Je nach Ladefaktor entspricht ein Ganzzug nach Düsseldorf mit 250 Pkw etwa 35 Lkw-Ladungen.
(Bild: Mosolf)

67.000 Fahrzeuge hat Mosolf im Düsseldorfer Hafen im vergangenen Jahr umgeschlagen, für 2017 sind weit über 70.000 Einheiten geplant. Der Umschlag per Binnenschiff macht dabei 49 % des Gesamtvolumens aus, 17 % sollen künftig auf die Bahn und 34 % auf reine Lkw-Transporte entfallen.

Das neue Bahnkonzept fördert damit eine weitere Verkehrsverlagerung von der Straße auf nachhaltige Verkehrsträger. Mit dem nun gestarteten Bahnregeldienst können jährlich über 12.000 Fahrzeuge zwischen Schwarzwald und Rheinland auf dem Schienenweg transportiert werden. Die letzte Meile zum Kunden erfolgt dann ab Düsseldorf mit dem lokalen Nahverkehrsfuhrpark, der aktuell 40 Fahrzeugtransporter umfasst.
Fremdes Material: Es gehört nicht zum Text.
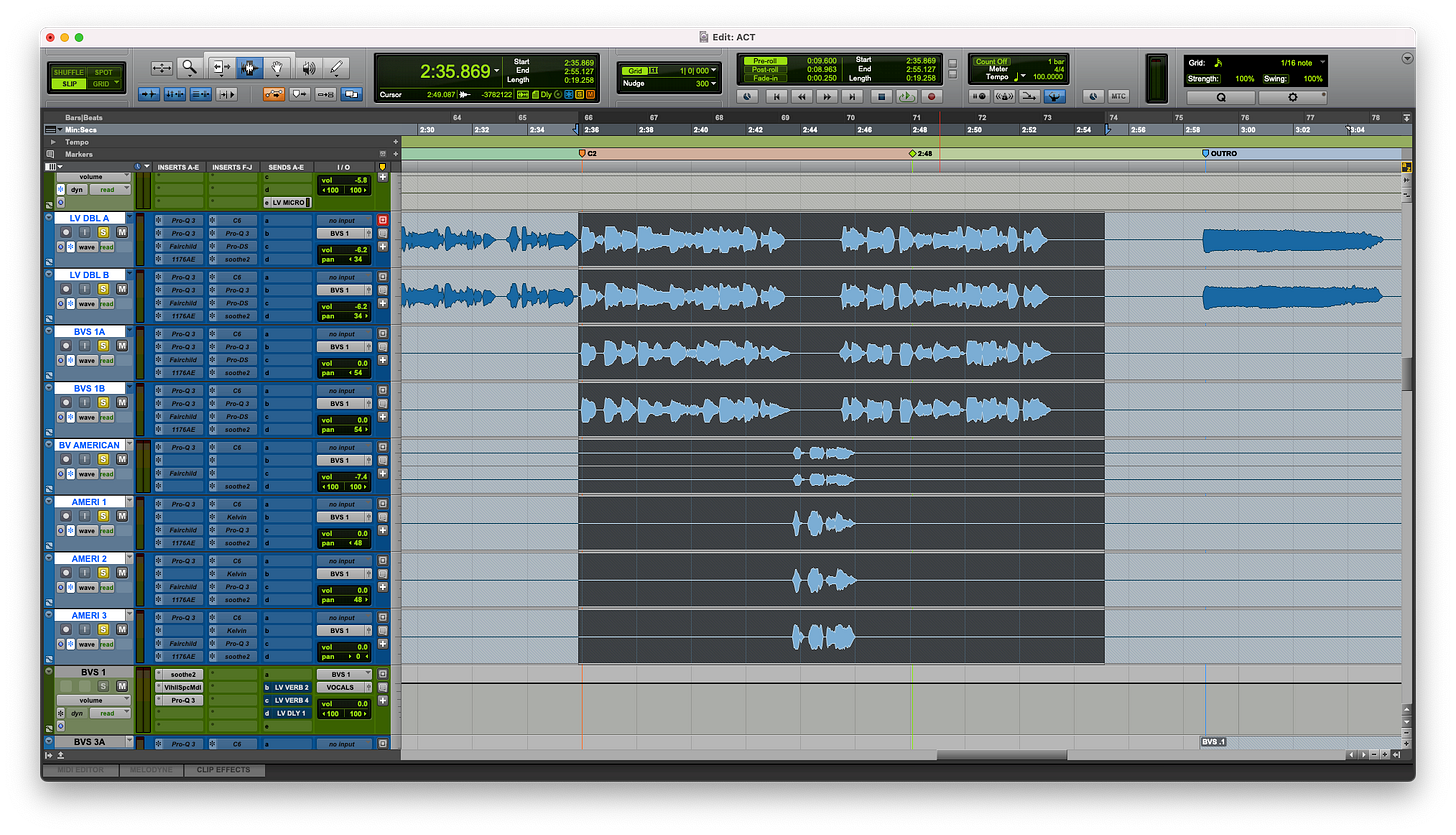 Here’s another scenario to consider: an example of a small backing vocal stack from a recent session. The pitching on these recordings was very precise, as was the timing. I applied the same concept to make them a bit more 'off,' creating a thicker choral effect. So, this tip can work both ways!

Bahn spielt Umweltvorteil aus

„Neben den Umweltvorteilen der Bahn gegenüber dem Lkw – ein Ganzzug mit 250 Pkw entspricht je nach Ladefaktor immerhin etwa 35 Lkw-Ladungen – macht das Konzept auch aus logistischer Sicht Sinn. So ermöglicht die zügige, regionale Zustellung der Touren ab Düsseldorf auch eine effizientere und schnellere Verteilung der Fahrzeuge“, sagt Wolfgang Göbel, Vorstand Sales der Mosolf-Gruppe.

Die Bedeutung dieses Verkehrsträgers für den Düsseldorfer Hafen unterstreicht auch Peter Jacobs, Leiter Eisenbahnbetrieb Nord beim Hafen- und Bahnbetreiber Rheincargo. „Wir freuen uns sehr, dass Mosolf in Düsseldorf neben dem Schiffstransport nun auch wieder vermehrt auf die Schiene setzt und wir das Unternehmen sowohl mit Hafenlogistik als auch mit Eisenbahndienstleistungen unterstützen dürfen. Das stärkt den Hafen Düsseldorf, der als trimodaler Logistikstandort im Zentrum der Landeshauptstadt von Nordrhein-Westfalen beste Verbindungen in die pulsierende Wirtschaftsregion Rhein-Ruhr bietet“, sagte Jacobs anlässlich der Erstverladung.